制限点には、第II相設計とオープンラベルの性質が含まれており、これは患者管理や報告におけるバイアスを導入する可能性があります。また、サンプルサイズは比較的小さく、長期的な追跡調査が必要です。それでも、試験の実用的な包含基準と現代の画像診断・放射線治療技術の使用は、汎用性を高めています。

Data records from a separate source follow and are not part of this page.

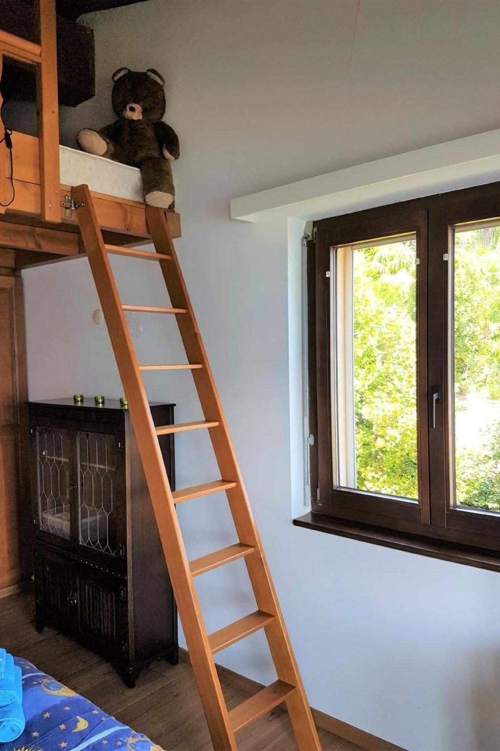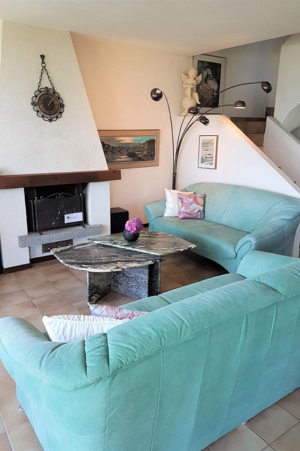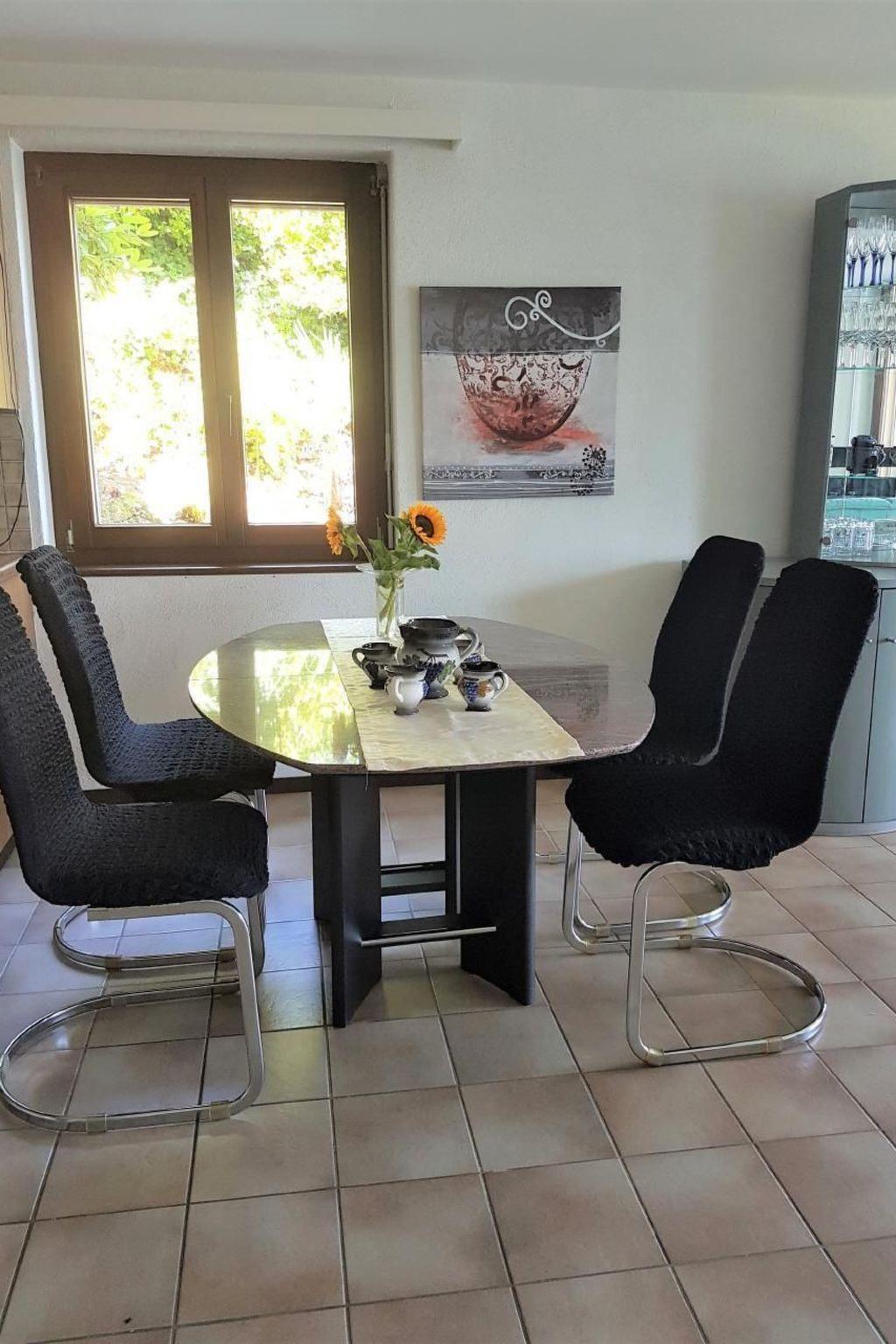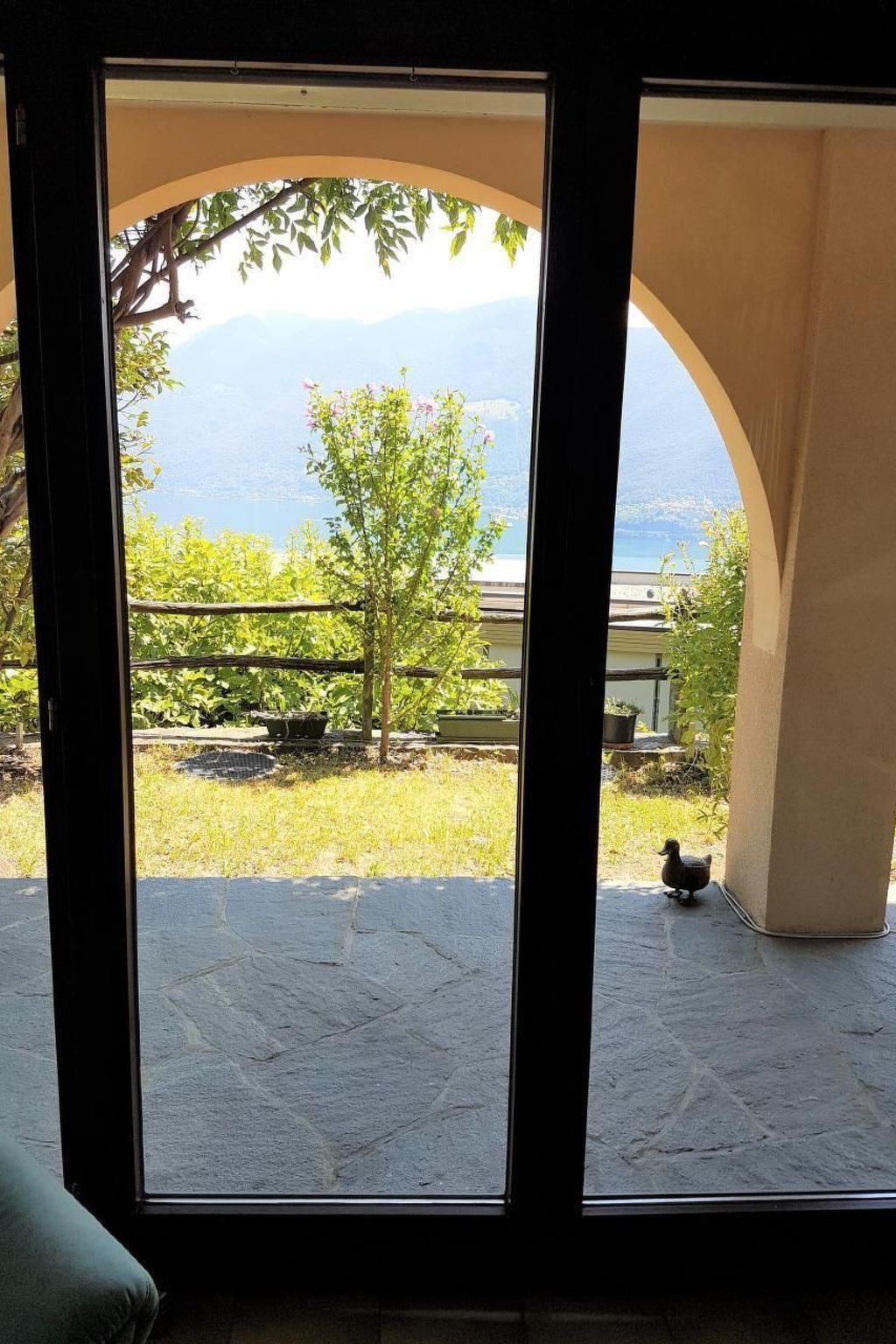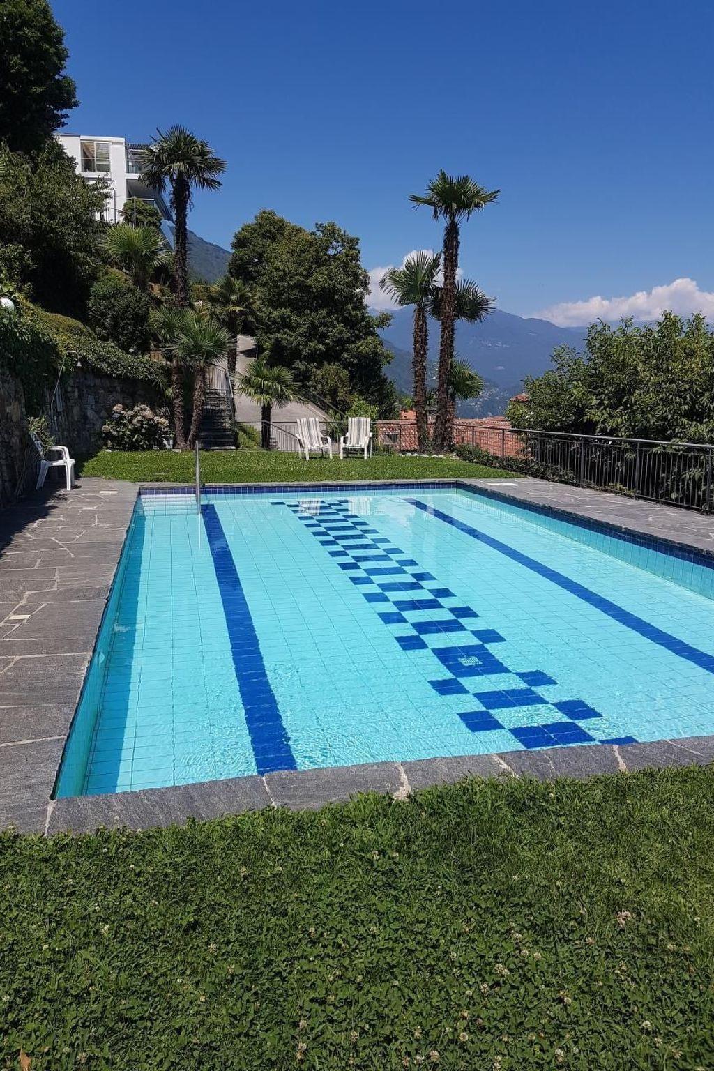 Schöner geht's nicht mehr! Die grosszügige und helle 4.5-Zimmer-Villa oberhalb von Brissago verwöhnt Sie mit einer atemberaubenden 180°-Sicht auf den Lago Maggiore. Der Panoramablick reicht von den Schweizer Alpen mit den Seestädten Locarno und Ascona bis zum italienischen Seebecken. Auch die Schiffsanlegestelle und die nachts beleuchteten Schlösser von Bellinzona sind zu sehen. Ob auf der Terrasse, dem Balkon, im Garten oder zu Hause, Sie haben immer den schönen See vor Augen. Wenn Sie einen erholsamen Urlaub in einer malerischen Umgebung verbringen möchten, heißt Sie die "Villetta Vista Bellissima" willkommen und bietet bequem Platz für bis zu 4 Personen. Das Ferienhaus ist Teil eines charmanten und gepflegten Anwesens mit vier Wohnungen und befindet sich am Ende einer ruhigen Privatstraße, die von einem Wald und Palmenhainen gesäumt ist. Obwohl wir diese Immobilie als Wohnung beworben haben, können Sie Ihr eigenes "Häuschen" genießen, da es viel Privatsphäre bietet. Das Wunderbare an der Villetta ist, dass Sie entweder drinnen oder draußen wohnen können, je nach Lust und Laune und je nach Jahreszeit. Im Außenbereich gibt es neben der großen Pergola und dem Balkon im ersten Stock einen romantischen Gartensitzplatz mit offenem Kamin und einen weiteren abgelegenen, leicht erhöhten Sitzplatz, wo Sie einen gemütlichen Abend mit einem Aperitif genießen können. Wenn es etwas kühler wird, gehen Sie einfach hinein. Im Erdgeschoss erwartet Sie ein gemütlicher Wohn-Essbereich mit einer offenen, gut ausgestatteten Küche. Das Ganze wird gekrönt von einem spektakulären Blick auf den See. Ein Gäste-WC befindet sich direkt daneben. Im Obergeschoss befindet sich das Badezimmer mit Doppelwaschbecken, Badewanne/Dusche und WC, sowie drei Schlafzimmer, alle mit Seeblick: - Ein Schlafzimmer mit Doppelbett und direktem Zugang zum Balkon. - Das zweite Schlafzimmer, ebenfalls mit Zugang zum Balkon, bietet eine ausziehbare Schlafcouch und drei Matratzen auf dem Dachboden, der über eine offene Treppe zu erreichen ist. Ein großer Spaß, nicht nur für die Kinder! - Das dritte Zimmer ist mit zwei Einzelbetten ausgestattet. Wenn Sie nach einer himmlisch ruhigen Nacht das Bedürfnis verspüren, ins kühle Nass zu springen, haben Sie einen kurzen Spaziergang von etwa 7 Minuten vor sich. Es steht Ihnen ein gemeinsamer 11 x 5,5 Meter großer Swimmingpool mit Liegewiese und Außendusche zur Verfügung. Tipp: Die Monate Dezember bis Februar sind die Monate mit den wenigsten Regentagen im Jahr, so dass man schon einige warme Sonnenstunden im Freien verbringen kann. Wer Ruhe und Erholung sucht, wird diese Monate sehr zu schätzen wissen. Wichtiger Hinweis: Es gibt einen direkten Zugang zum Haus, aber nicht zur Wohnung. Der Zugang erfolgt über mehrere Treppen (insgesamt 84 Stufen).
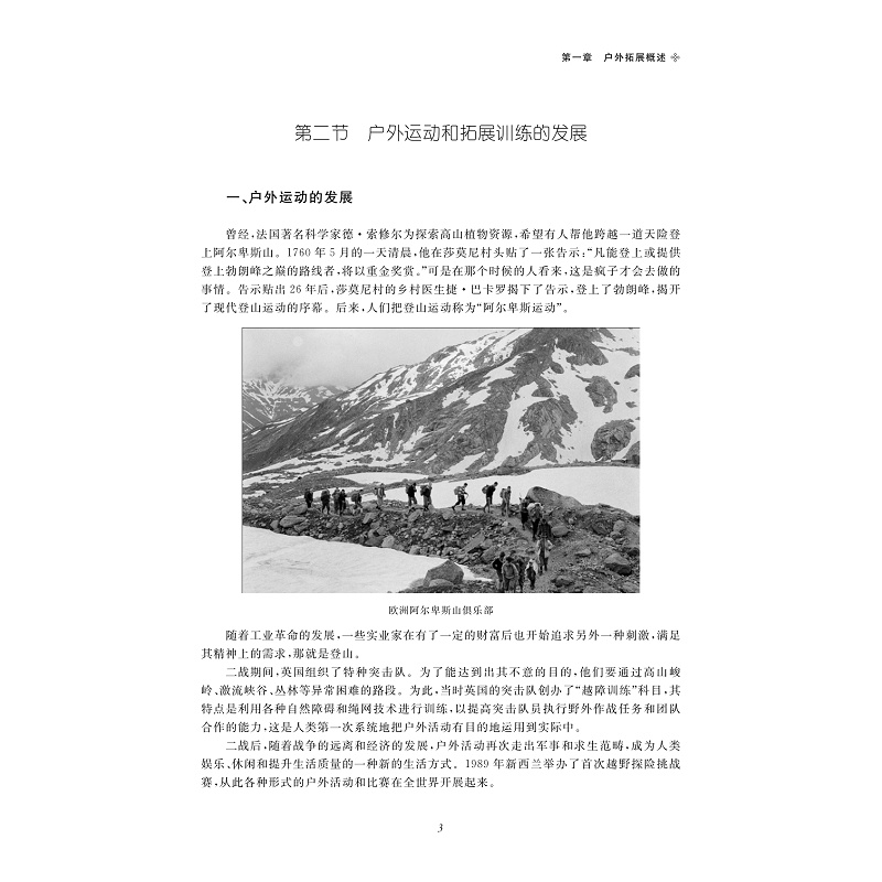 本书主要是从户外拓展专业课程的延伸。随着全球参与户外运动的人日益增多,学生群体也占有非常大的份额,众多年轻的户外爱好者,喜欢徒步、登山、野外露营、攀岩、攀冰、攀树等。户外的知识储备必不可少,学生们通常是一腔热情的参与到户外运动当中,但殊不知户外运动是在充分享受大自然的同时也会带来安全的隐患。本书主要从几个方面分别论述了,户外运动理论知识、运动方式和运动注意事项、安全及其救援等。是一本学生素质拓展的教材,内容包含了体育教育学习的创新式学习理论—体验式学习。通过国内外体验式学习的研究结合多年户外拓展教学经验,将国外先进的经验,亚洲体验教学经历,同时融入大学课堂中新教学方式的探讨,颠覆了传统的体育教与学的观念。本书既有原创理论、亲身的案例、严谨的考证,又有翔实的图文并茂展现。是一本适合师生同时使用的实用性教材。
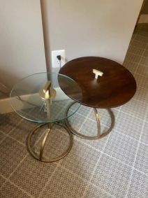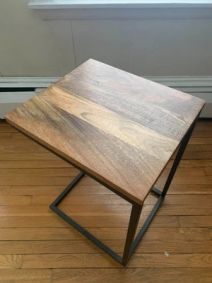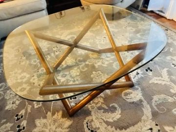 April 15, 2019 - Purchased from West Elm for $300 in Fall 2017 Asking $150 Solid and engineered wood with Walnut veneer. 32"w x 31"d x 17"h. Link to original: Retro Tripod Coffee Table

コンセンサスガイドラインは、限局期SCLCにおけるTRTの用量と分割の役割を徐々に認識していますが、効果と毒性のバランスを最適化する最適なレジメンについては議論の余地があります。この研究は、適格な患者に対する高用量1日に2回のTRTの検討を支持し、より大規模な第III相試験の確認を待つことなく、現在の標準的な治療を変える可能性があります。

結論

限局期小細胞肺癌の患者において、1日に2回40分割で60 Gyの胸部放射線治療は、標準用量30分割で45 Gyと比較して、急性または長期の重篤な毒性を増加させることなく、全生存期間を有意に改善します。これらの知見は、この攻撃的な疾患における局所腫瘍制御を改善するための実践的な戦略として、胸部放射線治療の用量強化を奨励します。さらなる第III相試験と長期観察が必要です。

参考文献

Grønberg BH, Killingberg KT, Fløtten Ø, Bjaanæs MM, Brustugun OT, Madebo T, Langer SW, Risumlund SL, Schytte T, Helbekkmo N, Neumann K, Yksnøy Ø, Engleson J, Fluge S, Naustdal T, Giske LE, Nyman J, Tsakonas G, Halvorsen TO. 高用量と標準用量1日に2回の胸部放射線治療の比較:限局期SCLCにおける最終生存データ、長期毒性、再発パターンに関するランダム化オープンラベル第II相試験. J Thorac Oncol. 2025 Aug;20(8):1108-1119. doi: 10.1016/j.jtho.2025.04.007. Epub 2025 Apr 19. PMID: 40258573.